French actress (1922 – 1996)

María Victoria Casares y Pérez (21 November 1922 – 22 November 1996) was a Spanish-born French actress and one of the most distinguished stars of the French stage and cinema. She was credited in France as Maria Casarès.

==Early life==
Casares was born María Victoria Casares y Pérez in A Coruña, Galicia, the daughter of Santiago Casares Quiroga, a minister in Manuel Azaña's government and Prime Minister of Spain, and of Gloria Pérez. She was a volunteer in Madrid hospitals already at age fourteen. Her father was a member of the Republican government so at the outbreak of the Spanish Civil War (1936), the family was forced to flee Spain. Her father went to London, but she and her mother sought refuge in Paris.

There, María attended the Victor Duruy school, where she learned French and was befriended by a teacher and his Spanish wife, who inspired her to go into the theatre. After graduation, she took voice classes with René Simon. She enrolled in the Paris Conservatoire, where she won First Prize for tragedy and Second Prize for comedy.

==Career==

In July 1942, she auditioned for Marcel Herrand who engaged her for his Théâtre des Mathurins. There, over the course of the next three years, she appeared in several plays including, Deirdre of the Sorrows by J. M. Synge, The Master Builder by Ibsen, Le Malentendu (The Misunderstanding) by Albert Camus (with whom she would later have a passionate affair), and an important premiere, Fédérico, after Prosper Mérimée, with Gérard Philipe.

===Film===

Casares began to appear in films. Her first film role was in Marcel Carné's Les Enfants du paradis (1945), one of the great classics of French cinema. She also made Les Dames du Bois de Boulogne (1945) for Robert Bresson, La Chartreuse de Parme (The Charterhouse of Parma) (1948) for Christian-Jaque, co-starring Gérard Philipe. For Cocteau, she played Death in his Orphée (1950) with Jean Marais and François Périer and in his Testament d'Orphée (Testament of Orpheus) (1960).

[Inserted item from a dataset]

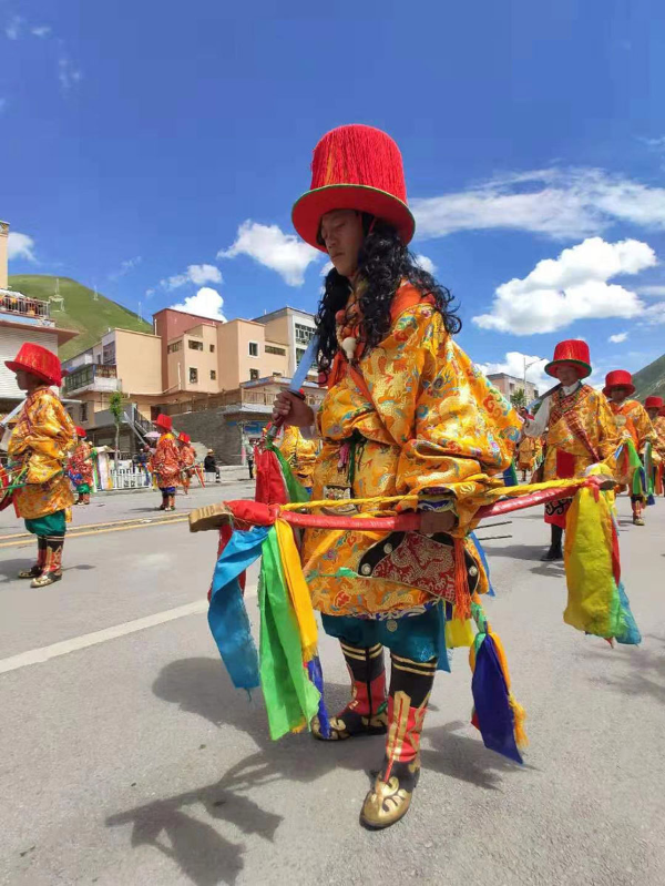A Parade of Tibetan arts and culture is held to entertain visitor to Yushu. [Photo provided to China Daily]

In 1989, she was nominated for the César Award for Best Supporting Actress in La Lectrice.

===Stage success===
From 1952 onward, although she continued to appear in occasional films, she devoted herself mainly to the stage. She joined the Festival d'Avignon, the Comédie-Française and the Théâtre National Populaire under the leadership of Jean Vilar. Before her, no one actor or actress of foreign origin had ever played at Comédie-Française. She toured extensively throughout the world, appearing in the great classics of French theatre, including, in 1958, Corneille's Le Cid, Victor Hugo's Marie Tudor and Marivaux's Le Triomphe de l'Amour (The Triumph of Love) on Broadway.

==Personal life and death==

Casares published her autobiography, Résidente privilégiée (Privileged Resident) in 1980, in which she described her 16-year affair with Albert Camus. Camus never divorced his wife, but their extensive correspondence, first published in France in late 2017, lasted from 1944, with a five-year break to 1949, when they again had a chance meeting and rekindled their passion, until the end of Camus's life. She starred in a number of Camus's plays and often threatened to end their stormy affair over his refusal to leave Francine Faure.

Casares took French nationality in 1975 and three years later married André Schlesser, an actor known professionally as Dade, who had been her longtime companion and theatrical co-star.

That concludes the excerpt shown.